How do you stop children from growing up so fast? I am not talking about not believing in Santa Claus or understanding sarcasm or even the subtle humor of a particularly randy episode of “Modern Family.” I mean actual physical growth. Slow it down, kids. What is the big hurry?

My baby daughter, S, who will only be nine for another month, announced to me this afternoon on the way to her dance class that she needs new jazz shoes. Jazz shoes. These are not the kind of shoes you can get at BOGO sale at the Payless. Not only does one pair cost as much her entire shoe wardrobe when she was five, but we can only purchase them at a dance supply store, which is the dancy equivalent of Home Depot. I don’t want spend my money or my time in either business, and I have no idea what to do with anything from either one once I get it home.

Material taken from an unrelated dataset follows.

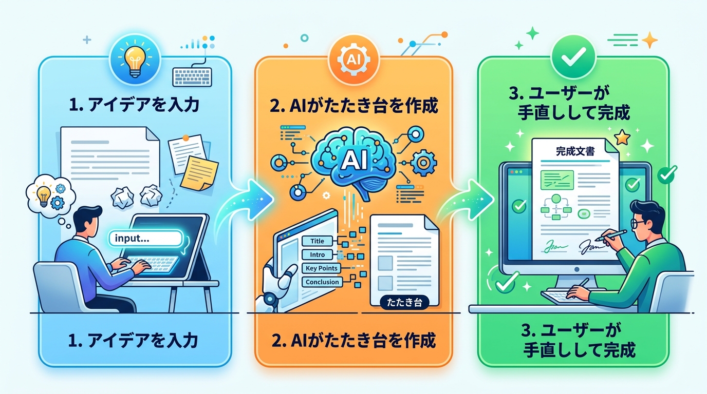 料理にたとえると、この段階は「どんな料理を作りたいか、材料は何があるか」を書き出すステップです。AIは渡された情報が多いほど的確な下書きを返してくれます。

Shoe shopping with S is worse than going to a funeral home. My kid has a thing about shoes, but the opposite thing from me, which is to say, she hates them. She doesn’t like picking them out, trying them on, bringing them home, or wearing them. She doesn’t want to leave the store in her new pair of kicks or show them off to her friends. She wants her old shoes to fit forever; she is the Peter Pan of footwear.

Mostly, she doesn’t want to accept that as her feet grow larger, she has to deal with things like laces instead of Velcro, or that shoes for bigger feet no longer glow in the dark or light up or make noises or do any of the other things that little kid shoes do. To top it off, she has my husband’s feet, poor thing. Narrow at the heel and wide across the toe, not unlike duck feet, only with no webbing between the toes. Shoes don’t fit well on duck feet. Have you seen Daisy Duck’s pumps? Talk about gaping.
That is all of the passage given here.